What the exercise asks
Print exactly the first lines of the records. Stop after the line containing "Internamente composto da", and leave every picture out.

Working data
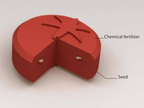 The designers point out that to novice gardeners, most vegetable seeds can look alike. To help aid recognition, the fertiliser “shell” is designed to match the seeds within – in this case, tomato seeds.
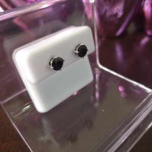 NWT 925 Sterling Silver 6MM 1.56 CTTW Black CZ Onyx Stud Earrings
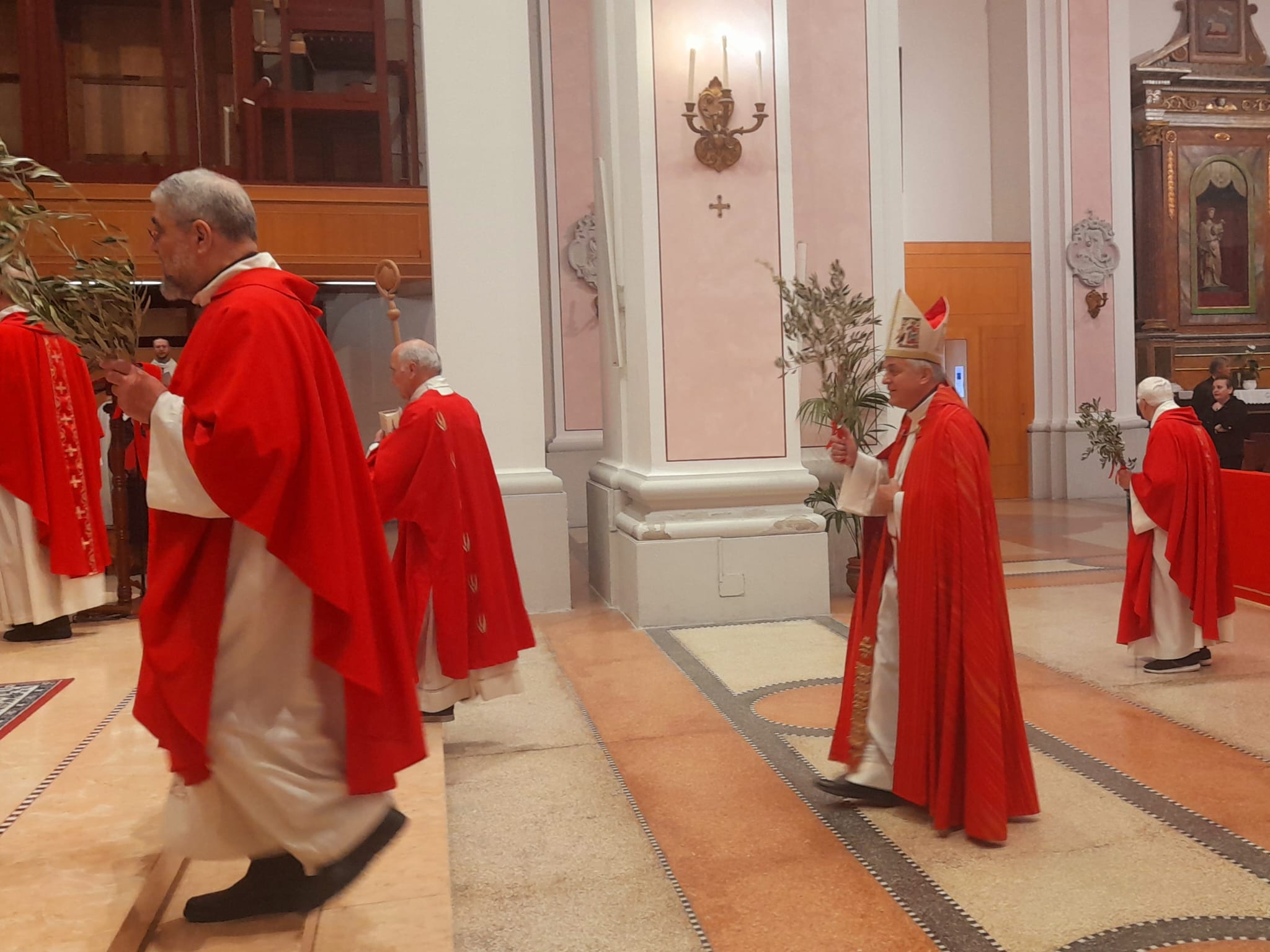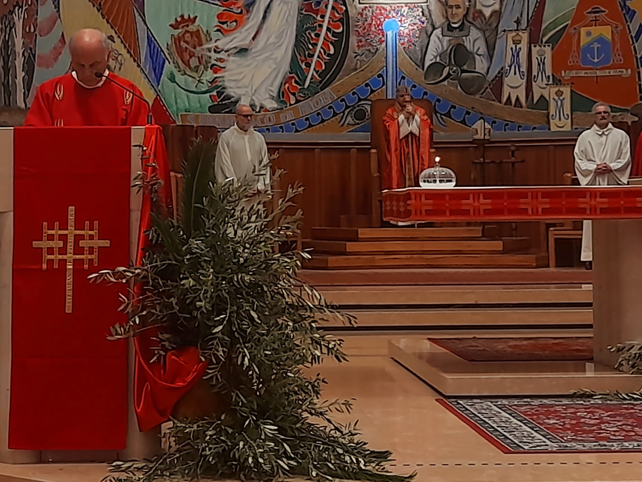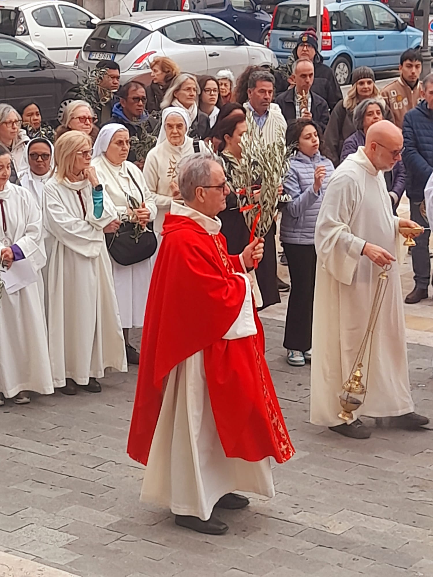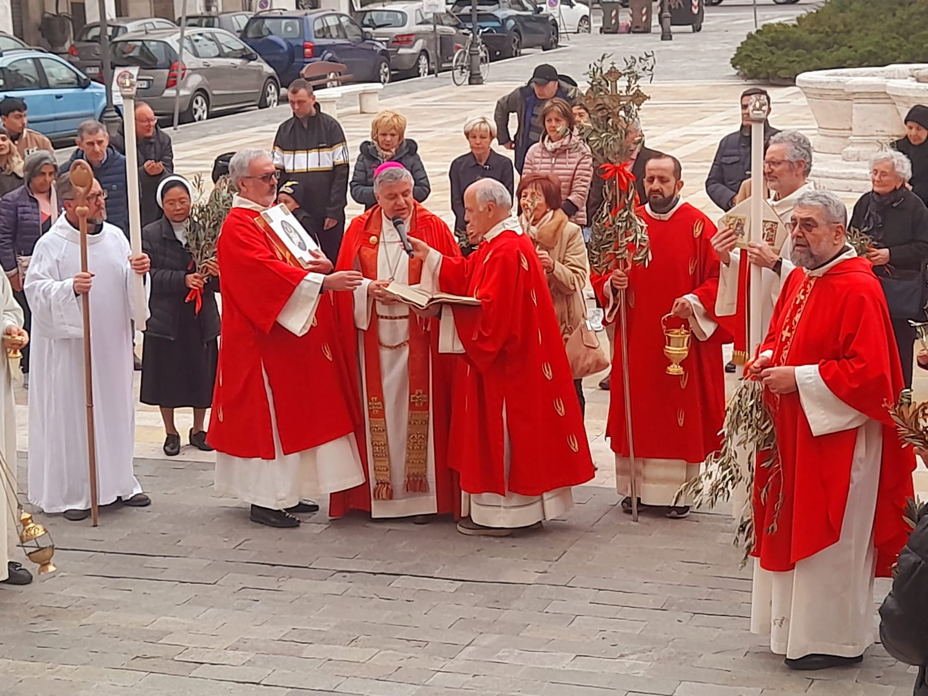 Dopo la Messa delle ore 11:00 in Ascoli Piceno, l’arcivescovo Palmieri nel pomeriggio si è recato a San Benedetto del Tronto per presiedere la Messa anche nella Diocesi Truentina. Prima della Celebrazione Eucaristica, presso piazza Nardone, il prelato ha benedetto i ramoscelli di ulivo, insieme ai sacerdoti don Patrizio Spina, don Romualdo Scarponi e don Luciano Paci e ai diaconi Walter Gandolfi, Emanuele Imbrescia e Pietro Mazzocchi.
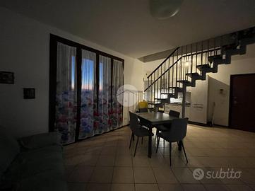 Internamente composto da Soggiorno con angolo cottura di 38 mq climatizzato con accesso al balcone, disimpegno, camera da letto matrimoniale e servizio con doccia. Attraverso una scala interna si accede alla mansarda di 43 mq con accesso alla terrazza di 12 mq.
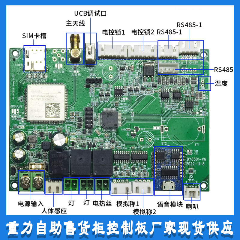 重力柜4G主控板人體感應智能語音播報售貨機免費提供開發(fā)指令集自助販賣機自動稱重控制板套件按需定制 免費開發(fā)工業(yè)控制 智能電器物聯(lián)家居主控PCBA方案硬件電路板
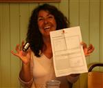 Alicia Jopia med køyrebevis.Målsettinga til Bokn vevstove har heile tida vore å driva tradisjonen vidare, med stor vekt på det sosiale. Etter ein interessant handarbeidstime med mykje nostalgi og lått og løye, vil eg aldri vera i tvil om det stemmer. I den godt samansveiste gjengen kjem både kunnskapen, smilet og latterkulene tett.
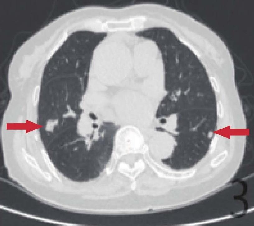 随着体检胸部CT的普及,越来越多的无症状肺结节被发现,现在有很多人谈“肺结节”色变,其实不用那么紧张,体检发现的肺结节大部分都是良性的。2011年8月4日,《新英格兰杂志》发表了一个非常重要的临床随机研究结果。研究的题目是“低剂量CT筛查肺癌降低肺癌的死亡率”。这个研究是由美国癌症研究所、国家肺癌筛查研究小组来执行的。这个肺癌筛查随机研究共有53454例高危患者纳入研究范围,患者被随机分为两组:每年接受低剂量CT检查或者常规胸透。研究结果如下:低剂量CT筛查组肺癌的阳性率在3年内是24.2%,而胸透组3年阳性率仅为6.9%。但是有意思的是,在这些显示阳性的病例中,低剂量CT组有96.4%是假阳性。这个结果告诉我们,体检发现的肺结节大概只有3.6%是肺癌。除了肺癌,肺结节还常见于下列疾病:
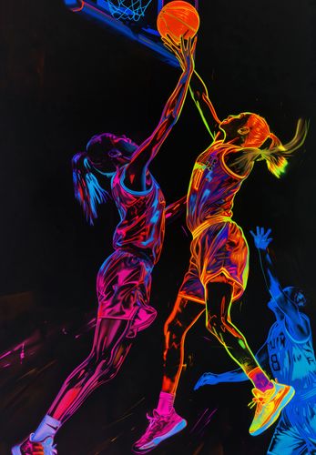 Plakat z serii abstrakcja zatytułowany Mecz W Kosza. Przedstawia żywą i dynamiczną scenę z gry w koszykówkę, w której dwie zawodniczki rywalizują o piłkę. Graczka w pierwszym planie wykonuje skok do kosza w akcie rzutu lub bloku, rozciągając się w pełnej koncentracji, podczas gdy jej przeciwniczka stara się ją zablokować. Figury sportowców są przedstawione w intensywnych, neonowych kolorach, które kontrastują z ciemnym tłem, co nadaje scenie energiczny i ekscytujący charakter. Kolory są rozmieszczone na postaciach w sposób, który podkreśla ich ruch i ekspresję, a także oddaje dynamikę i szybkość sportowej akcji. Plakat ten idealnie oddaje ducha sportowej rywalizacji i mogłby być inspirującym dodatkiem do wnętrza dla miłośników koszykówki i sportu.
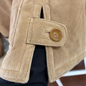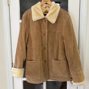 Dennis Basso WOMENS Shearling Genuine Leather Coat - Size L - Tan - Fully Lined - front buttons closer - pre owned - excellent condition
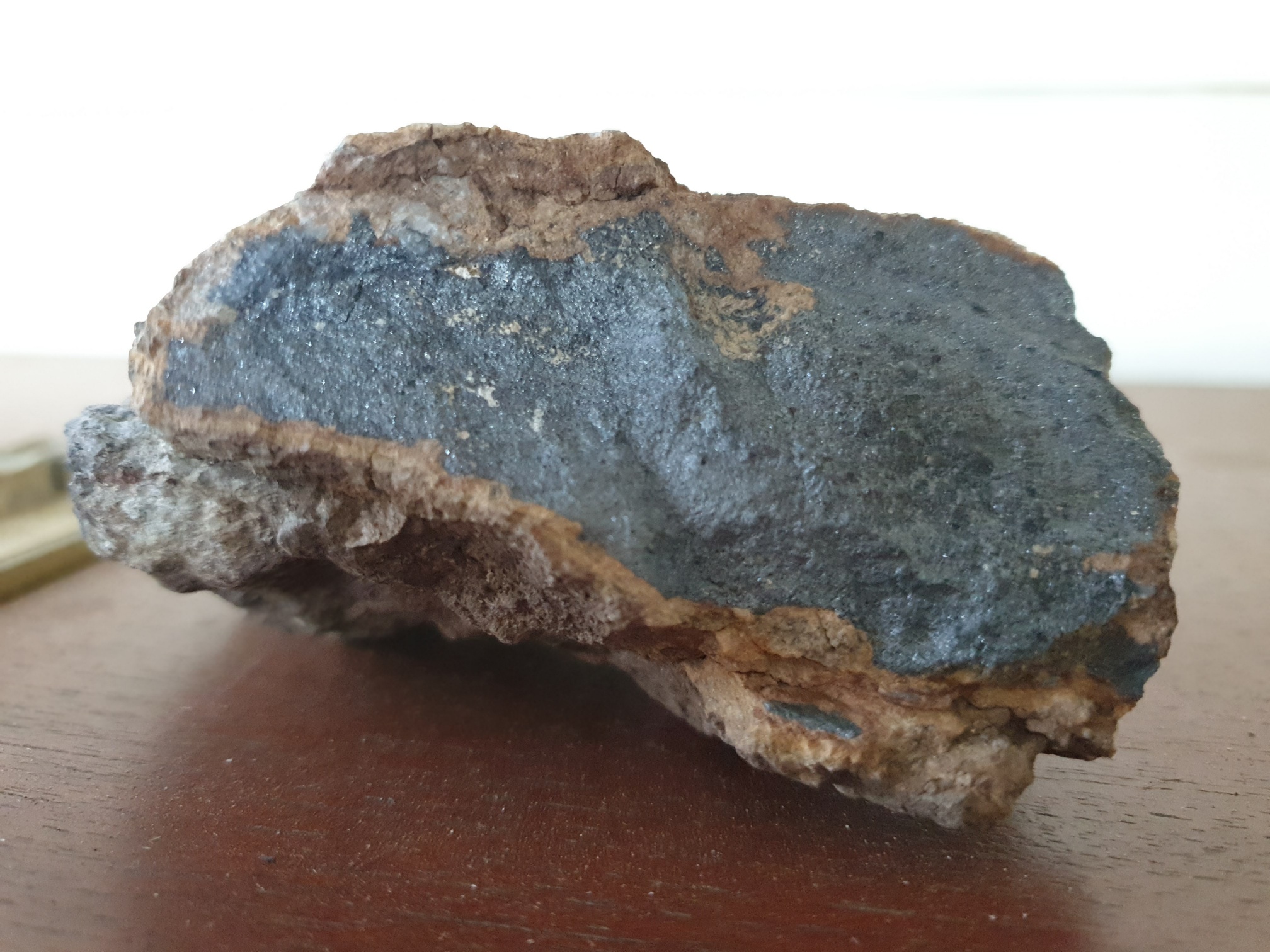 The antimony mineralisation is expressed as vein-style occurrences hosted within arenite, forming a distinct ridgeline approximately 170 metres in strike length and up to 20 metres in width. The ridge is located approximately 600 metres west of Sandy Creek, immediately off Maytown Road, within the Palmerville Station landholding and inside EPM 27452. A representative rock specimen collected from the ridge displays dense, metallic mineralisation consistent with antimony-bearing vein material.
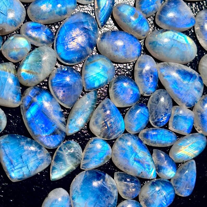 Natural Rainbow Moonstone Cabochon Lot Top Quality Wholesale White Blue Flash Gemstone for Jewelry Making
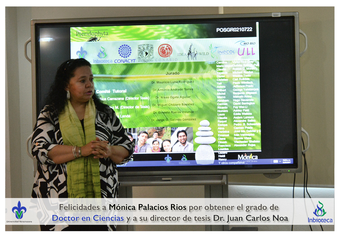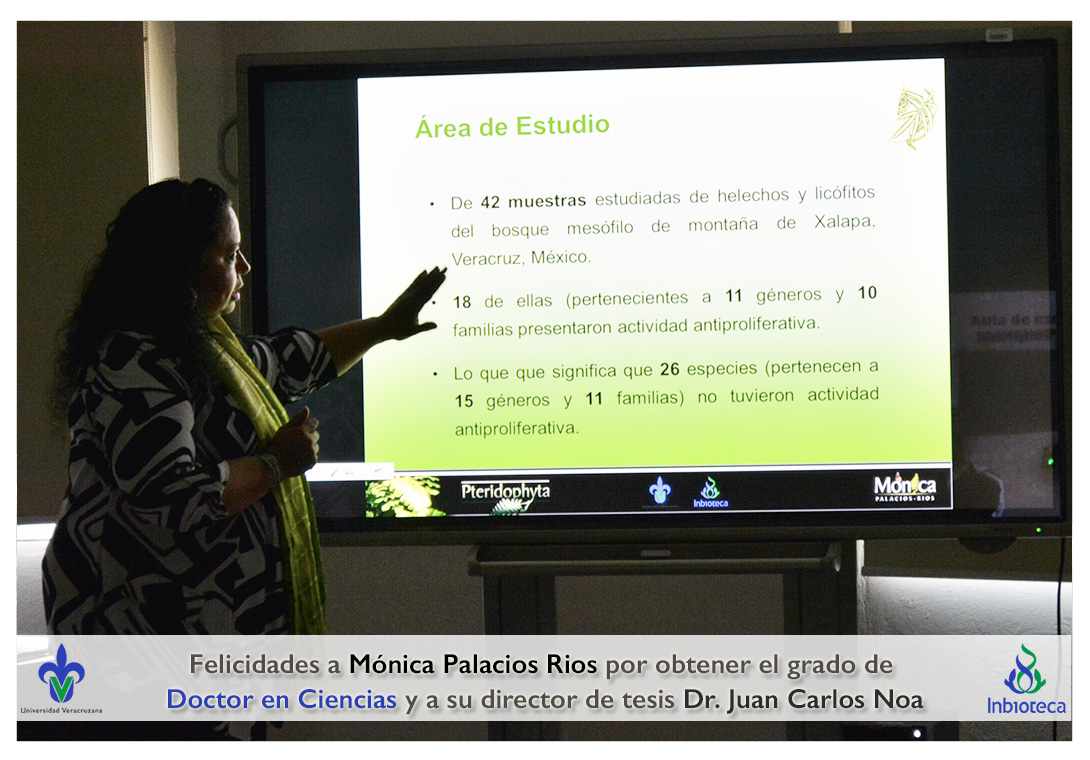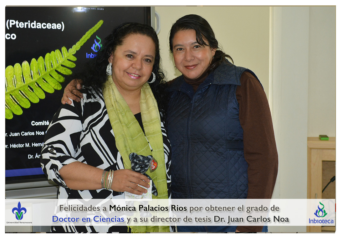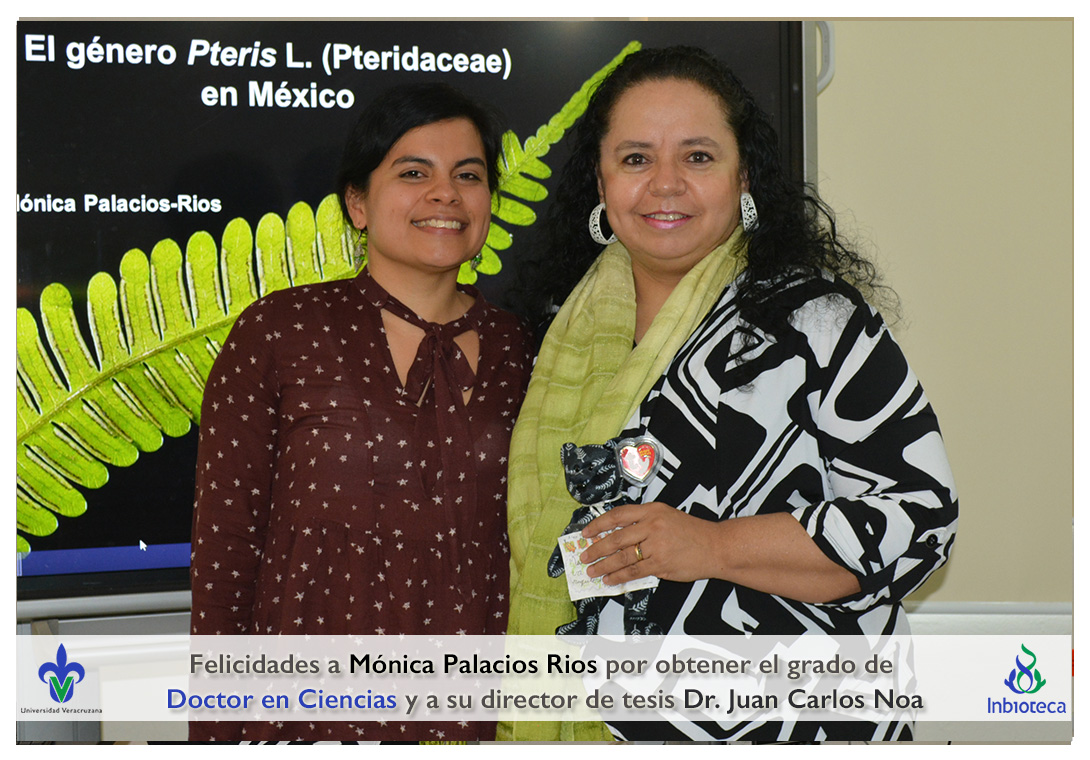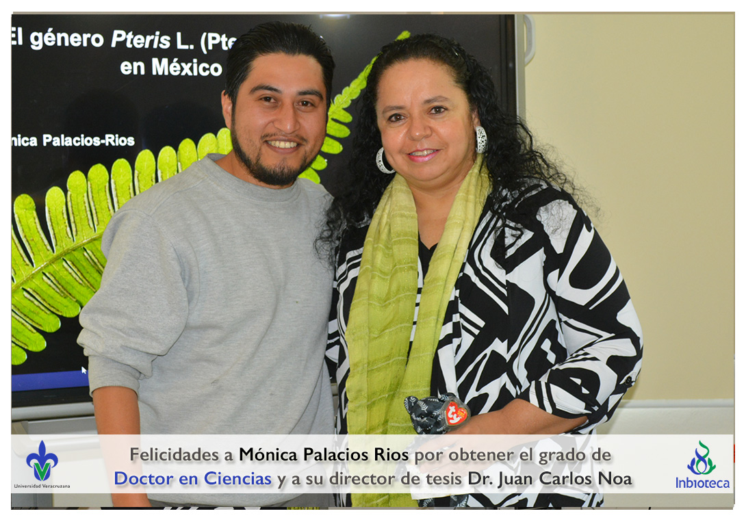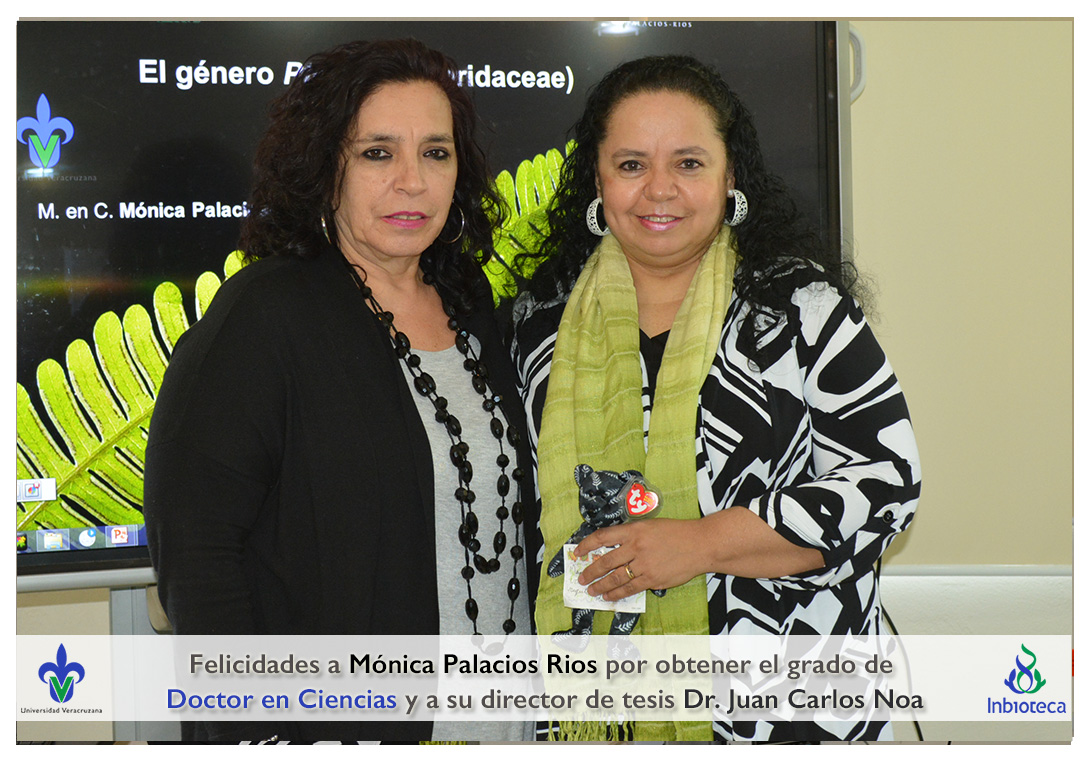 Felicidades a Mónica Palacios Rios por obtener el grado de Doctor en Ciencias en Ecología y Biotecnología, a su director de tesis Dr. Juan Carlos Noa Carrazana, a su codirector de tesis Dr. Héctor Manuel Hernández Macías, a su comité y a todos los que contribuyeron en el trabajo realizado.

Written solution
 The designers point out that to novice gardeners, most vegetable seeds can look alike. To help aid recognition, the fertiliser “shell” is designed to match the seeds within – in this case, tomato seeds.
 NWT 925 Sterling Silver 6MM 1.56 CTTW Black CZ Onyx Stud Earrings
 Dopo la Messa delle ore 11:00 in Ascoli Piceno, l’arcivescovo Palmieri nel pomeriggio si è recato a San Benedetto del Tronto per presiedere la Messa anche nella Diocesi Truentina. Prima della Celebrazione Eucaristica, presso piazza Nardone, il prelato ha benedetto i ramoscelli di ulivo, insieme ai sacerdoti don Patrizio Spina, don Romualdo Scarponi e don Luciano Paci e ai diaconi Walter Gandolfi, Emanuele Imbrescia e Pietro Mazzocchi.
 Internamente composto da Soggiorno con angolo cottura di 38 mq climatizzato con accesso al balcone, disimpegno, camera da letto matrimoniale e servizio con doccia. Attraverso una scala interna si accede alla mansarda di 43 mq con accesso alla terrazza di 12 mq.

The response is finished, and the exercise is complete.